--- Records ---
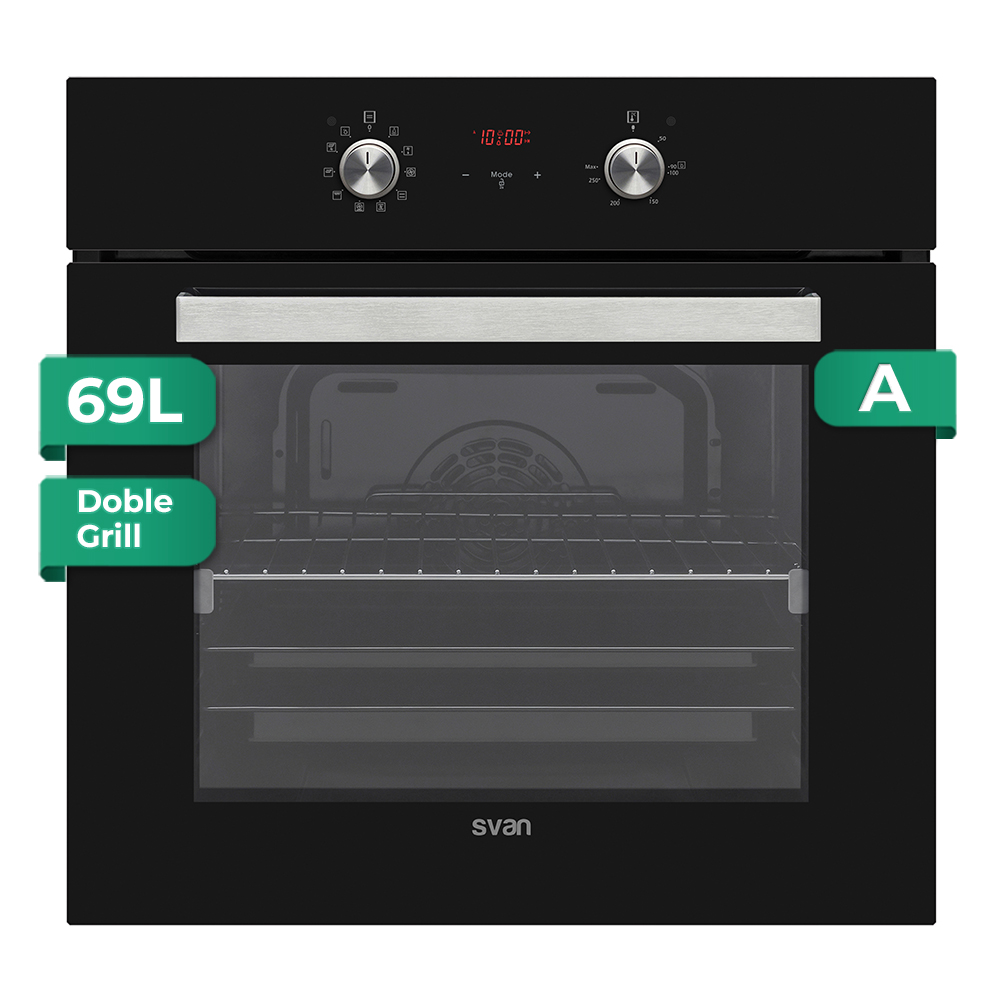 Forno multifunzione Svan 69L A 59,5cm 59,5cm 57,5cm 57,5cm Vetro nero Display touch 10P G.Telescopico
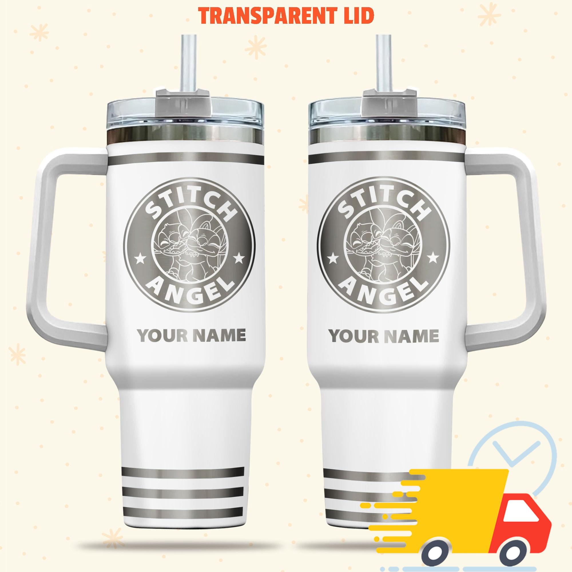 Stitch And Angel Disney Cartoon Custom Stanley Quencher 40oz Stainless Steel Tumbler With Handle For Fans
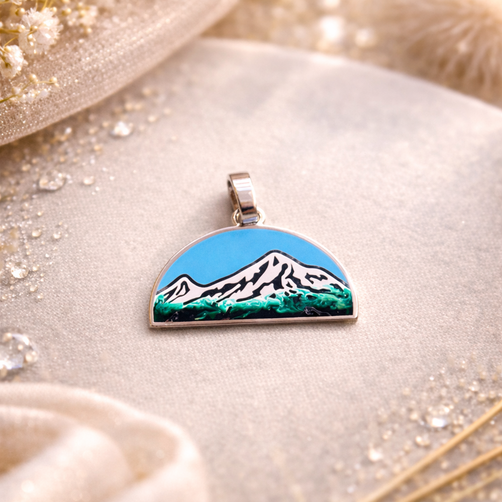 🏔️ Լեռան նրբագեղ գծերը և էմալի վառ գույները ստեղծում են կենդանի ու խոր տեսարան՝ փոխանցելով հայկական բնության գեղեցկությունն ու ուժը։
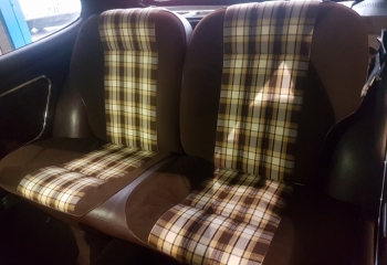 The interior is the now very rare chocolate brown check trim and its immaculate barring one very small section on the drivers seat where the piping has came adrift. The car drives as it should and is currently motd till April 18. We have some history with the car including pictures of when it came out of storage, the original handbooks and service book. It was serviced at 1500, 6000, 10000, 23000 and 33000 miles. It was also serviced when put back on the road but the book not stamped. The only other slight niggle is that the parcel shelf is split, a comnmon problem on capris.
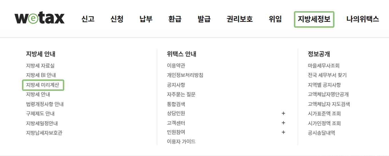 위택스 홈페이지 접속 후 [지방세정보]-[지방세 미리계산] 선택
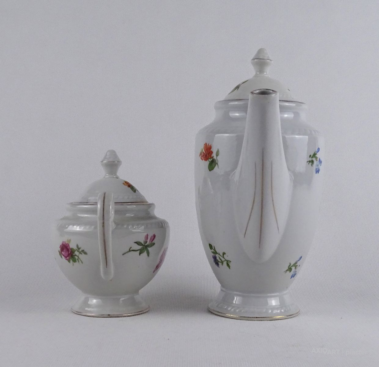 Régi, hibátlan állapotú porcelán kávéskészlet. Virágdíszes, finoman aranyozott kávéskészlet fő darabjai:
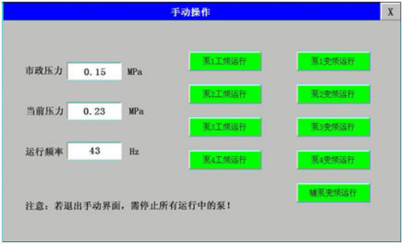 当管网压力大于启动压力时设定值时由与出水管路连接的压力罐供水,如果管网压力等于启动压力设定值时启动水泵,水泵运行中管网压力达到停止压力时停止水泵运行,水泵启动后管网压力超过启动压力,未达到停止压力时水泵继续运行;水泵全速运行后管网压力未达到启动压力时水泵追加启动。
---
#### [Task details]
Restate word for word only the lines from where the entries begin through the one with "գեղեցկությունն ու ուժը։"; omit the pictures.

#### [Exercise response]
 Forno multifunzione Svan 69L A 59,5cm 59,5cm 57,5cm 57,5cm Vetro nero Display touch 10P G.Telescopico
 Stitch And Angel Disney Cartoon Custom Stanley Quencher 40oz Stainless Steel Tumbler With Handle For Fans
 🏔️ Լեռան նրբագեղ գծերը և էմալի վառ գույները ստեղծում են կենդանի ու խոր տեսարան՝ փոխանցելով հայկական բնության գեղեցկությունն ու ուժը։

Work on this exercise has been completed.